▶ **Extracted entries**:
┏━━

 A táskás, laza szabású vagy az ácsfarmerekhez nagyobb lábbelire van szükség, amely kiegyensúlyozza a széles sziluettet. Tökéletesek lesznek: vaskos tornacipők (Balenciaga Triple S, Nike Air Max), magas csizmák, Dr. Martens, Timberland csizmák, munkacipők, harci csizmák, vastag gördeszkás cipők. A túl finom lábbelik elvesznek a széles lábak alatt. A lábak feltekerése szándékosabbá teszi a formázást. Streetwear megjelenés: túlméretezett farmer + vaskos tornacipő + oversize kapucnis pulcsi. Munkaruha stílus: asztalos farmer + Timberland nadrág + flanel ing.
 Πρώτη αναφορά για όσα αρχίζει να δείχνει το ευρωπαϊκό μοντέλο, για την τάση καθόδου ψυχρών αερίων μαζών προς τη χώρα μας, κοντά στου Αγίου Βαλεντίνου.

┗━━
┏━━

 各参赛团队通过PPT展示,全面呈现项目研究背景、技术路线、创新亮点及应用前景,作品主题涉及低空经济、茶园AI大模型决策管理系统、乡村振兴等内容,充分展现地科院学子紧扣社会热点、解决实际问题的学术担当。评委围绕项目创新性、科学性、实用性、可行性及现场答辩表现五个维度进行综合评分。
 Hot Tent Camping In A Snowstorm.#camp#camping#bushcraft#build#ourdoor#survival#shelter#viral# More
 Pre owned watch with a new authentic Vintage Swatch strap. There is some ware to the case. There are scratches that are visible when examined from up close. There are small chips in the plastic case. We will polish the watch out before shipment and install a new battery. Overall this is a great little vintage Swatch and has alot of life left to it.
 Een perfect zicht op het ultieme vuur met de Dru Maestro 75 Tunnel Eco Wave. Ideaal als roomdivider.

┗━━

▶ **Required work**:
Return, with no change at all, every line in the entries above from the line containing "A táskás, laza" through the line containing "Πρώτη αναφορά για".

▶ **Result**:
 A táskás, laza szabású vagy az ácsfarmerekhez nagyobb lábbelire van szükség, amely kiegyensúlyozza a széles sziluettet. Tökéletesek lesznek: vaskos tornacipők (Balenciaga Triple S, Nike Air Max), magas csizmák, Dr. Martens, Timberland csizmák, munkacipők, harci csizmák, vastag gördeszkás cipők. A túl finom lábbelik elvesznek a széles lábak alatt. A lábak feltekerése szándékosabbá teszi a formázást. Streetwear megjelenés: túlméretezett farmer + vaskos tornacipő + oversize kapucnis pulcsi. Munkaruha stílus: asztalos farmer + Timberland nadrág + flanel ing.
 Πρώτη αναφορά για όσα αρχίζει να δείχνει το ευρωπαϊκό μοντέλο, για την τάση καθόδου ψυχρών αερίων μαζών προς τη χώρα μας, κοντά στου Αγίου Βαλεντίνου.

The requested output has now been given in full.